So true!!!! I can't stop bringing them home. The goal was to sell a few to make a little extra money but I found myself wanting to keep all of them.


----------



## Outlaw90 (Jun 23, 2011)

58 Schwinn American
Jc Pennys Formost Wildcat
80's Schwinn Cruiser
74 Schwinn Deluxe Collegiate 5 speed
Rand Galaxy Cruiser
Huffy Prairie Flower
and many other frames.


----------



## kmrcdd (Jun 23, 2011)

Well, The fever hits hard....just got started with a 53 Schinn World, added a 59 Schwinn Speedster & a late 40s early 50s Manton & Smith. Bought 8 today -including a Schwinn Hornet, a Hollywood, Fair Lady, & a Stingray. The wife's gonna ^*$%&@ kill me!!!!LOL


----------



## StevieZ (Jun 23, 2011)

Hummm lets see. At any given time I have 15 to 20 in the shop. And cant tell ya how many parts.
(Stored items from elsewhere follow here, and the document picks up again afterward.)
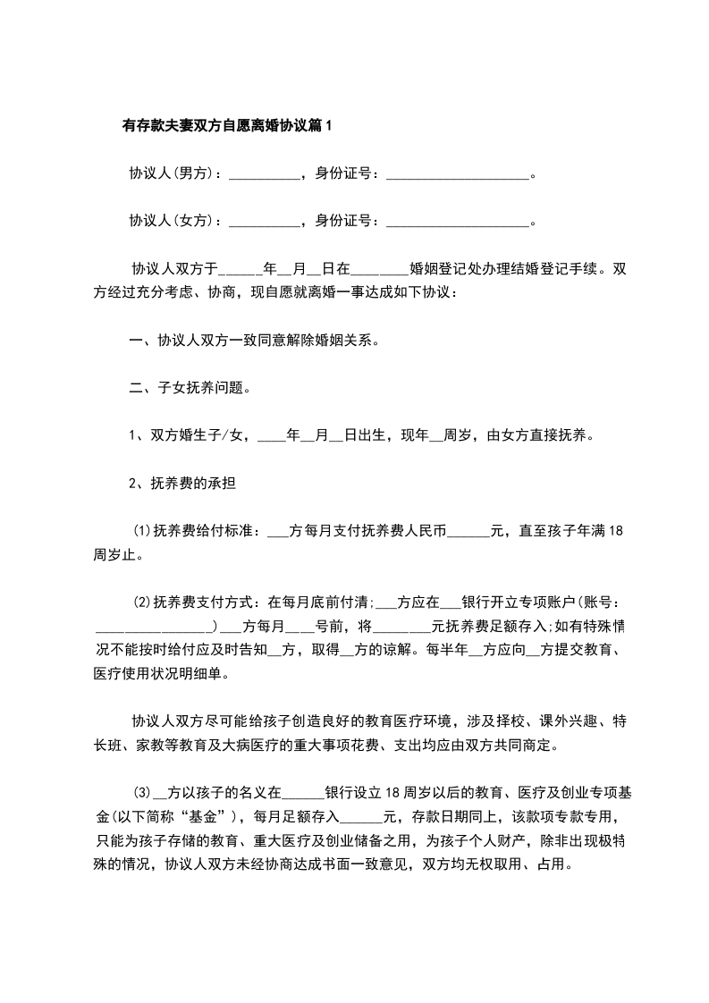 2、双方婚后的共同存款人民币____万元,双方同意归__方所有。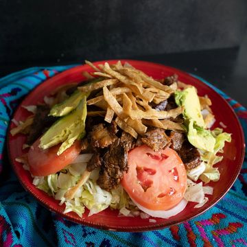 Thin-sliced steak, Iceberg lettuce, tomatoes, onions, avocado, fried tortillas strips with a chipotle cream dressing served on the side.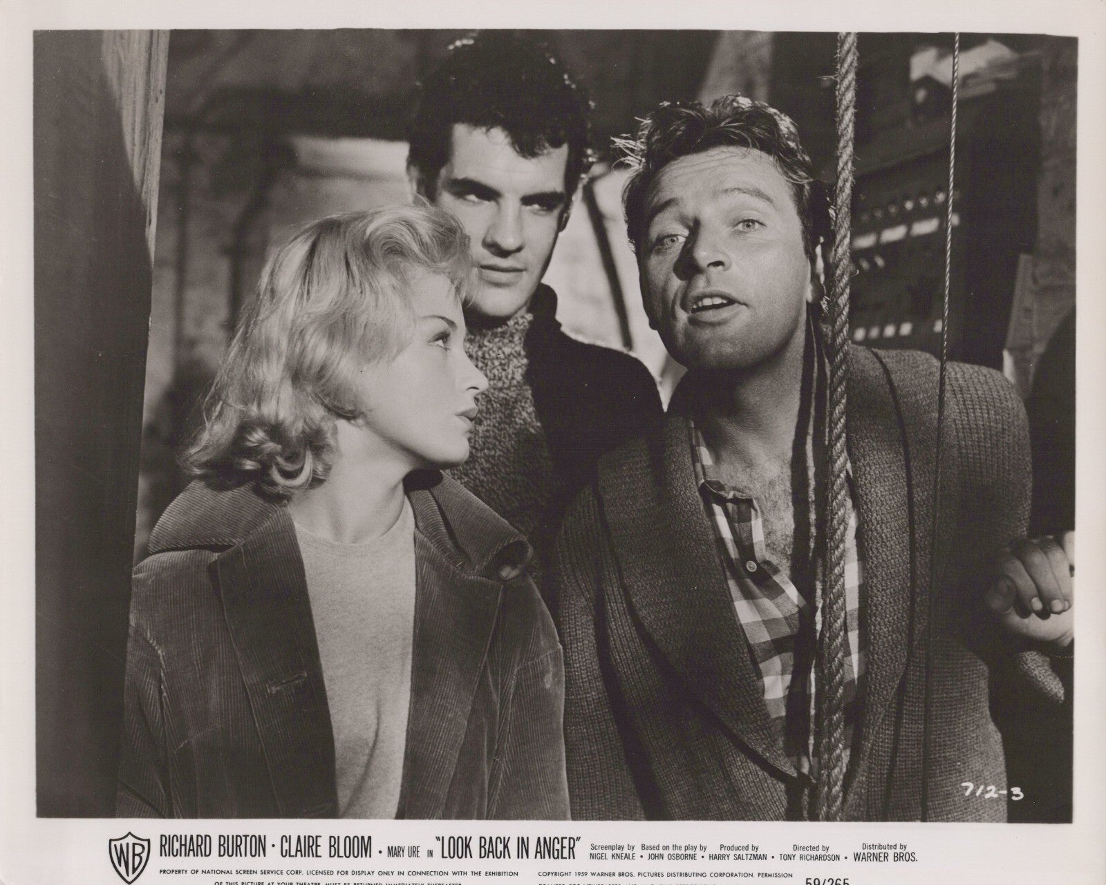 Keywords: Richard Burton, Mary Ure, Look Back in Anger 1959, Vintage British film photo, Classic drama, 1950s cinema, Richard Burton collectible, Mary Ure rare photo, John Osborne, British New Wave, Kitchen sink realism, Rare film photography, Iconic movie memorabilia.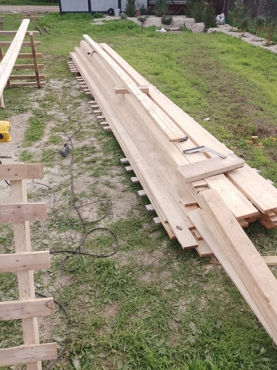 Здравствуйте! Понедельник у нас получился день, бездельник. Периодически весь день с неба шел полив нашего нового, только посаженного газона, так что месить грязь на объекте не было никакого смысла. Зато на следующий день пришлось наверстывать. Пиломатериал теперь берем прям здесь у нас, на Парусе. Базе в Феодосии не повезло, не работают, здесь дороже, но удобнее. Приехали, оплатили, через полчаса доски у нас, можно работать. Обрешетку обрабатывать не стали. Она чистая, считай сухая, а под крышей вообще высохнет до звенящего состояния. Здесь нет такой высоты крыши, как на доме из бревна, один ярус лесов и спокойно можно делать лобовую доску, водосточную систему, ну и собственно пару досок обрешетки можно приколотить с лесов. Вообще кровля, точнее чердак не планировалось использовать как жилое пространство, так что можно было купить самую дешевую, универсальную, похожую на мешковину, гидроизоляцию, работа у ней была бы просто как антиконденсатная система, ну и может какие то капли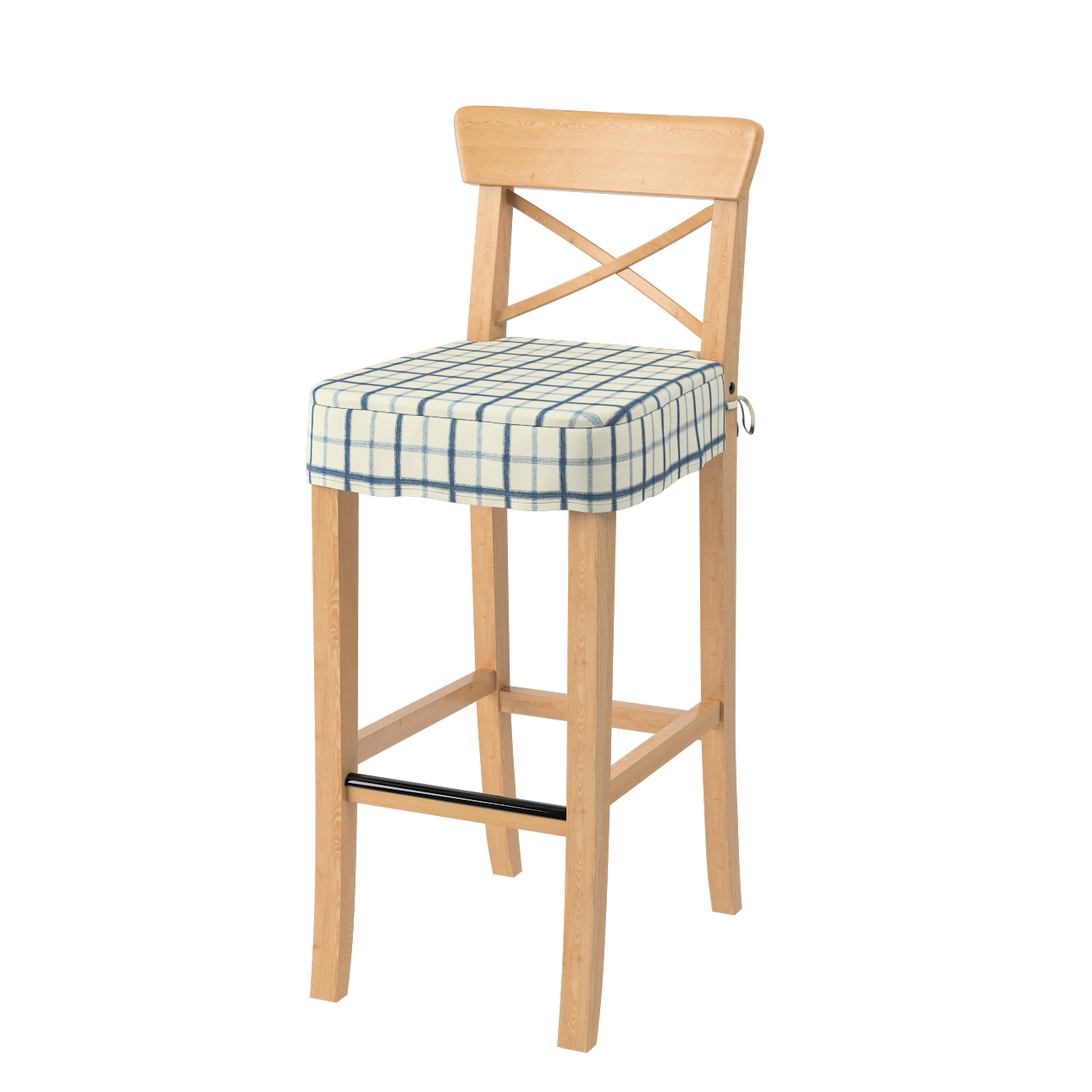 Poťah na barovú stoličku Ingolf, modré káro na svetlobéžoom podklade, návlek na barovú stoličku Ingolf, Avinon, 131-66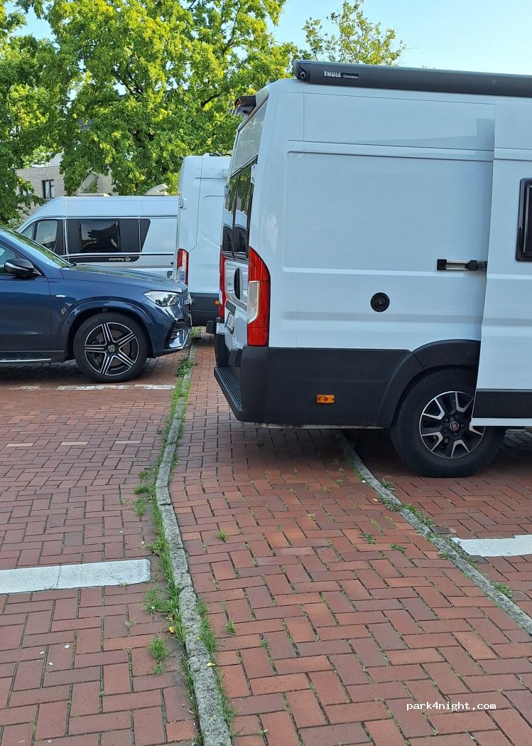 Fine spot for one night in town square, spots are a little short voor 6,5 m but there was ample parking anyway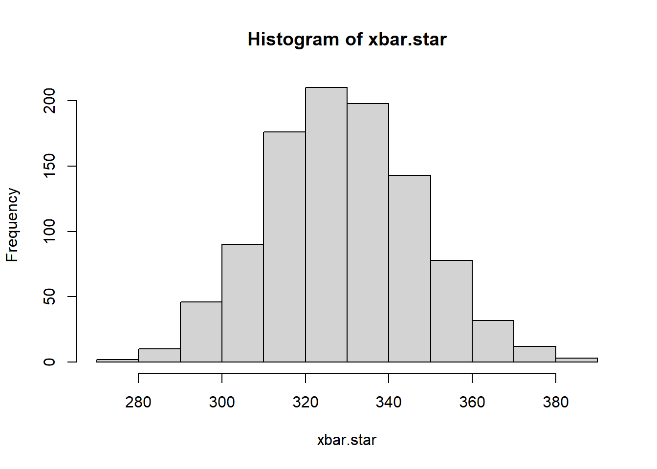 Compute bootstrap statistic \(\hat{\theta}^∗\) using the bootstrap sample as \(\hat{\theta}^∗=T(X^*_1,X^*_2,...,X^*_n)'\)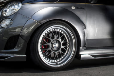 また太田代表がワークにオーダーしたのはP.C.Dだけじゃない。マルチピースのメリットを活かしてインセットにもとことんこだわった。ワークによると「輸入車に限らず太田サンからのホイールのオーダーは同じクルマであっても足まわりの仕様や車高、そしてタイヤの引っ張り具合によってインセットが微妙に違うんですよ。だから、マッキナのローダウンさせたクルマはフェンダー内にホイールが綺麗に収まっていますよね」。

But bikes of my own in my own personal collection 6 plus a whizzer.


----------



## sdjoe86 (Jun 28, 2011)

I have 4 in my 1 bedroom apt! its getting a bit cramped in here. 
1937 CWC Roadmaster.
1966 Schwinn Collegiate 5 speed.
1967 Murray Jet Fire( still looking for a lense...)
1970's custom huffy.


----------